August 1st ends my month-long social media blackout. I successfully took a full break from creating any content or outreach via social media or email, and it was an energizing exercise! That part of the break was easy. The harder part was staying off social media altogether. So, honestly, it was a brown out.
I purposely took the social media apps off my phone, so access was not immediate. Nonetheless, the addiction ran deep. I cut my screen time by more than half, but I still found myself taking the extra steps to access the apps and take a look. I posted a few stories on my Instagram just because it was fun.
The reason I took a break, which I shared in my last newsletter, was to recover from caregiver burnout. My body was in constant fight or flight mode, and I did find it very helpful to reduce the adrenaline/dopamine hits that checking in constantly can cause.
What I Learned:
- Less is More: My Instagram grew more in the month I only posted stories (no reels, no posts) and held followers better than the previous month where we were posting almost daily.

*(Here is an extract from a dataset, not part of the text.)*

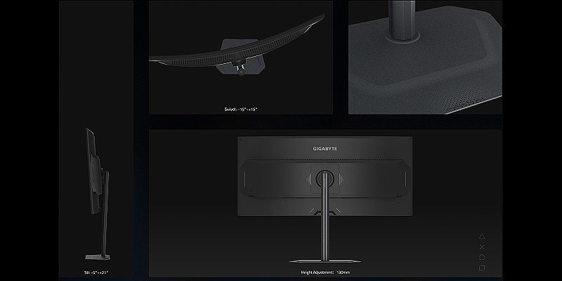 מסך הגיימינג של GIGABYTE כולל מעמד ייחודי המעוצב ארגונומית ומאפשר טווח רחב של התאמות גובה והטיה לנוחות מושלמת.
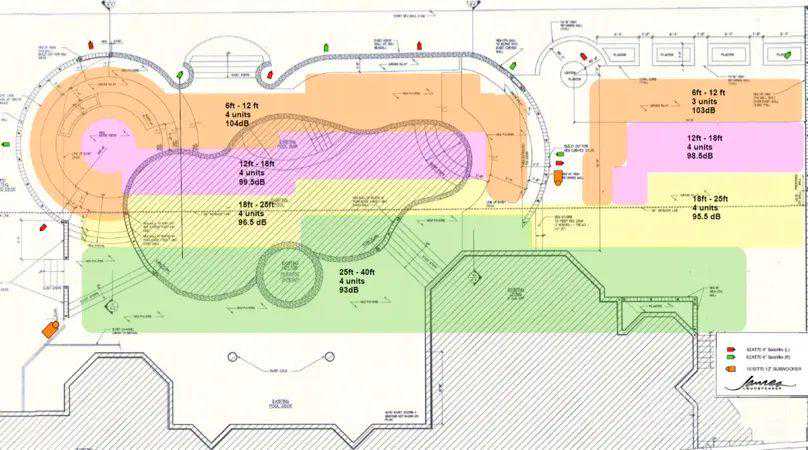 分布式布局:借助超低音/卫星箱组合,由花园边缘处开始设置,声波投向花园内,且分隔一定距离,确保声波在花园空间内均匀覆盖。同时,可以借助DSP处理等方式进行声音微调,以达致平衡。

- Lost My Ability to Sit Still: Although checking social media on my phone was WAY down, I still did it. It was a constant itch I wanted to scratch, and I’m not happy about that. I regularly meditate and take THAT time, but WOW, was it eye-opening to see how I’m addicted to my phone!
- Social Media is Social: Part of checking in on social media when I said I wouldn’t was because I missed people. Social media has become a way to be up-to-date on people I know and care about (at least the part they share publicly). It is a fact of our society that there just aren’t enough hours in our modern life days to call, write, or spend a lot of time checking in with those we care about. For example, my oldest kid is deep into his new career success, and social media lets me know more than a phone call would yield right now.
What I’ll Change:
- I’m not putting the apps back on my phone. Making it harder to access is working in checking less often and being more present.

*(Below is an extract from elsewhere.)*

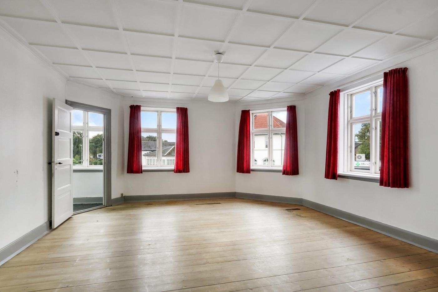 Via separat indgang er der trappe til 1. sal, hvor der findes stor lejlighed på 187 m². Lejligheden er indrettet med repos med udgang til tagterrasse, stort køkken med spisekammer, soveværelse med påklæderrum og adgang til badeværelse, værelse, fjernsynsstue, stue med brændeovn og udgang til balkon samt spisestue.

- Posting for business can take on a new pace; one that works for me instead of being a slave to the “shoulds” and the algorithms.
- I will pay more attention to burnout signs like constant “fight or flight” states and an inability to stay on task. I’ll take more unapologetic and full breaks BEFORE it becomes a crisis.
Like everything I share, I hope this helps you think about your social media consumption, and the load you are carrying during these incredibly challenging times.